The reason for the lack of impact on rankings, as explained by Google representatives in the days following the announcement, is that the modifications in the new update focus on improving search results for two types of queries that are growing rapidly as a whole but do not represent large search numbers for individual components; complex queries that are conducted by voice command on mobile devices. Prior to the update, Google’s process for assessing spoken or keyed searches focused on keywords while ignoring other words in the query. Hummingbird changes that process by assessing each word in the context of the question. One of the primary outcomes of this change is that searches using long tail keywords will generate results that are far more likely to present relevant content.      
 
For ecommerce businesses, the Hummingbird update provides a huge opportunity to capitalize on two consumer behaviors simultaneously:
 
* The tendency of consumers to purchase items that they have researched on their mobile devices – According to a Google/Nielsen survey, more than 4 out of 5 consumers submit product queries with the intention of making a purchase within 24 hours.

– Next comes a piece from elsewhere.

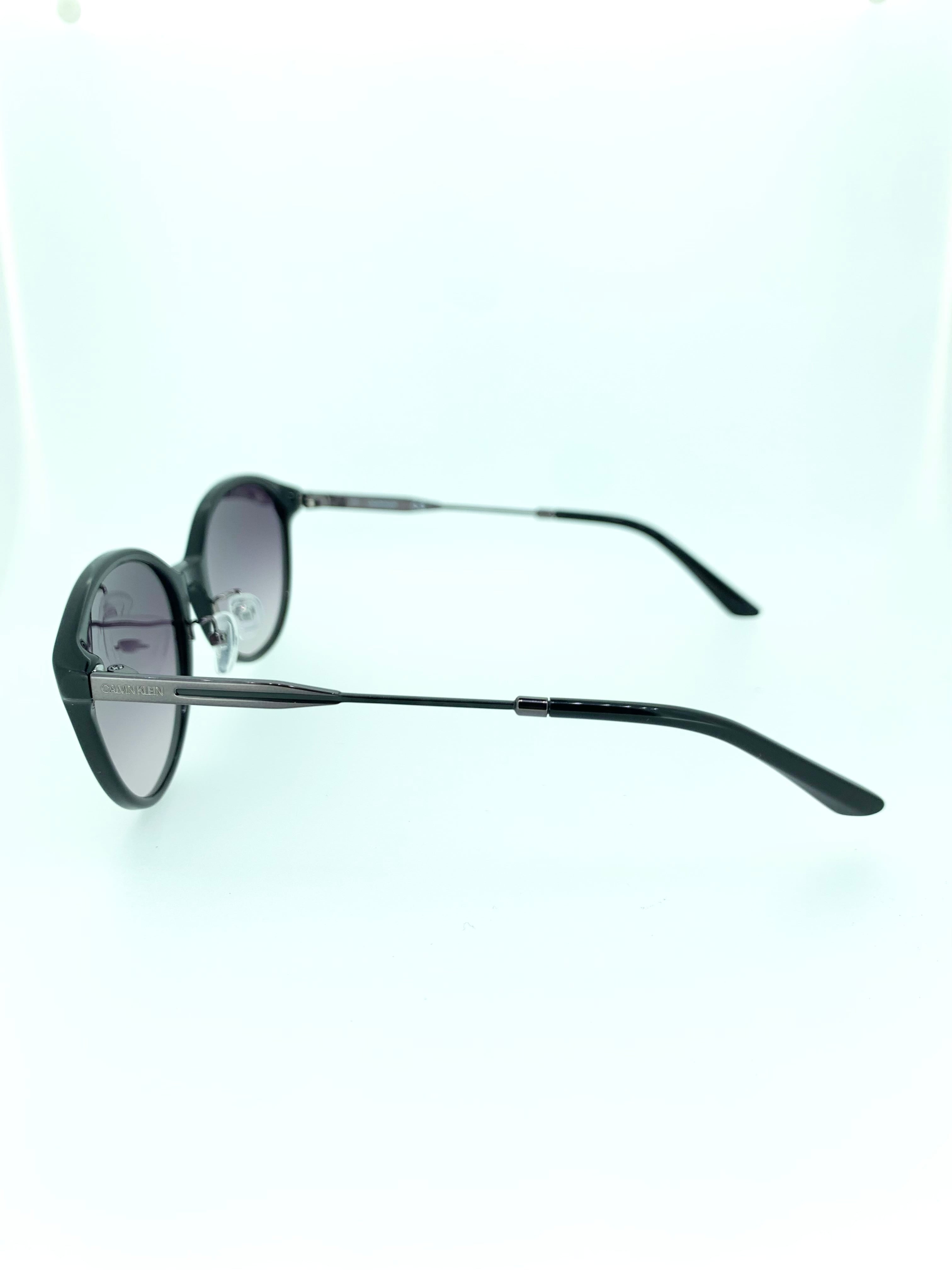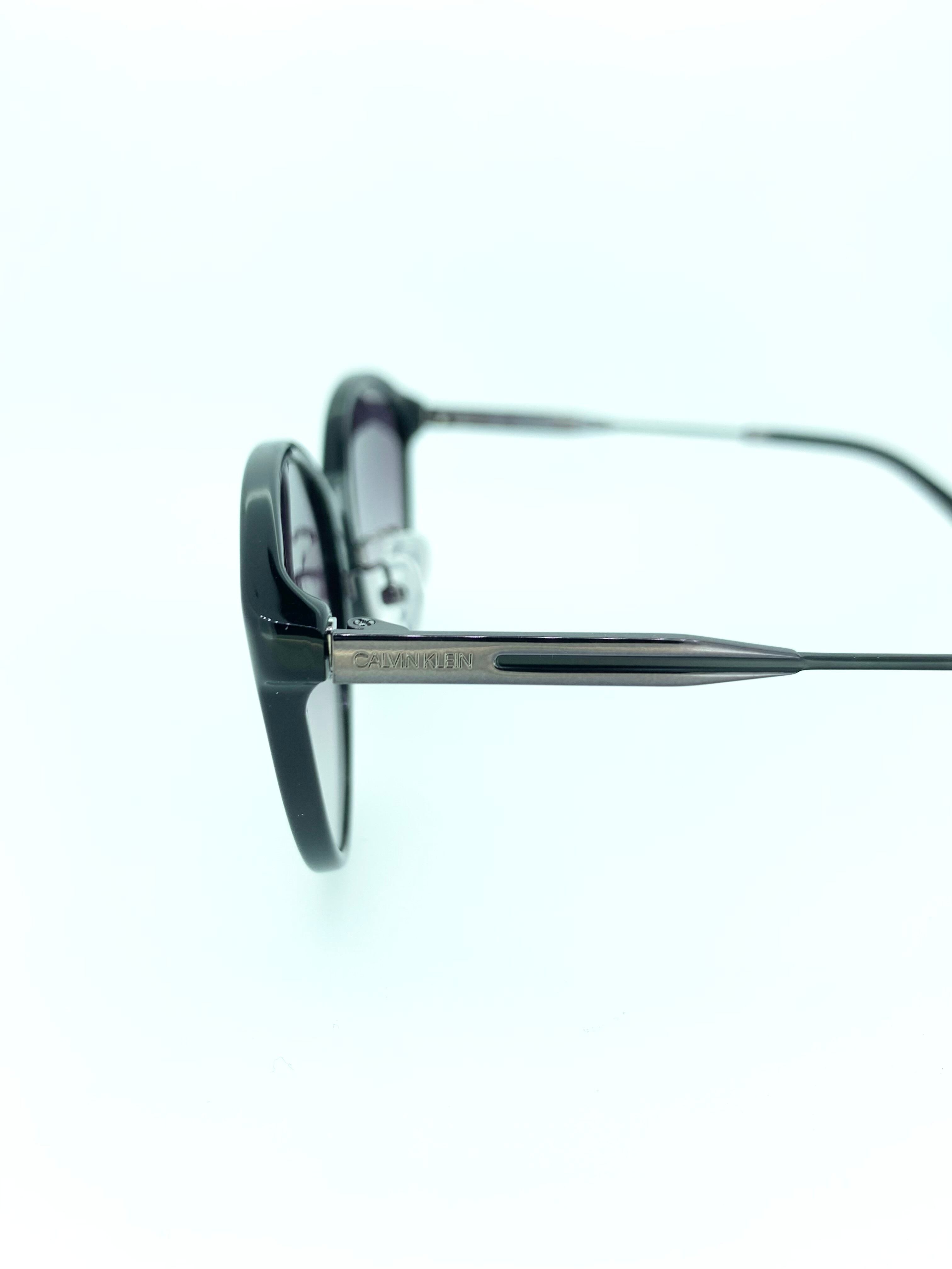 天地の広いボストンシェイプに目尻のキリッとしたリムデザインがお洒落なセルフレームサングラス。ワイドでインパクトのあるフロントのバランスをとるようにテンプルをメタルにすることで、CALVIN KLEINらしいスタイリッシュな雰囲気になっています。ブラック×シルバーのコントラストのハッキリとしたカラーリングはグッとスタイルを引き締めますね。

* The typical online search process of consumers – Consumers generally start product searches with shorter search terms and then lengthen them as they get closer to making a purchase. By generating content that delivers solutions/answers to long tail queries, a business can become very visible on results pages at precisely the point at which consumers are preparing to make a purchase.     
 
The companies that will be in the best position to capitalize on these converging trends will be generating content that is recognized as a solution to consumers’ search queries. It’s a huge opportunity, and Google wants to help.